I think every parent wants their children to be friends long after they’re gone, which is easier said than done. My kids really do love each other and play well together most of the time, but they also fight like cats and dogs. They know which buttons to push and how to get a reaction, even if it’s negative.
I want them to play together, be there for one another, support each other, and create memories together. Not just as children, but as adults. Here’s how I’m trying to make that happen:
In our home, we say I’m sorry. Not just a quick, insincere apology, but an actual heartfelt apology. Chloe used to say sorry all the time. It almost became a habit, which she probably picked up from me. Oops! We had to teach her and Miles when it’s important to apologize and how to make it count.
When to Apologize
- When you hurt someone’s feelings– this is never okay, and an apology is necessary.

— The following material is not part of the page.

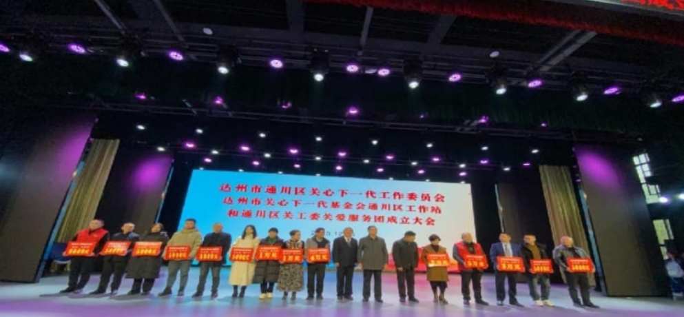 大会由通川区关工委副主任邱昌海主持。区关工委执行主任刘国唐宣读成立文件及人事任命,区委常委、组织部部长丁晓勇为关爱服务团授旗,市关工委常务副主任张洪波为服务团及基金站授牌。

- When you physically hurt someone– whether it was intentional or not.
How to Make it Count
We’re teaching our children that to make a heartfelt apology you have to reflect on what you did wrong and think about why it was wrong. Then you have to be willing to ask for forgiveness. It’s not easy, and sometimes their pride or stubbornness (don’t know where they got that from- insert cringe emoji here) gets in the way, but it’s worth it to me to take the time to teach them this valuable lesson.
Hug and Kiss Goodnight
When my husband was growing up, his sister would never let him or his brother go to bed until they gave her a hug and kiss goodnight. It seems like something so small, but you know what? They’re so close now as adults. They never go more than a couple days without talking, even if it’s just through texts.
Of course I want the same for my own children, so every night before they go to bed they always give each other a hug and kiss and say goodnight. It’s funny because Chloe actually started doing that on her own without being told. Miles, on the other hand, needed a little nudge lol.
Helping Each Other
I always encourage my kids to help each other out- whether it’s helping to clean up (regardless of who made the mess), or getting something for each other- they’re being taught to lend a helping hand. Thankfully, Chloe picked up on this right away and has always been a very helpful big sister. She’s a awesome role model for Miles.
That’s what we’re doing in our home to encourage healthy sibling relationships.
But when all else fails, or you’ve just had enough, you can always stick them in a shirt together and go grab yourself a cocktail 😉
What are some things you to do encourage strong relationships in your home?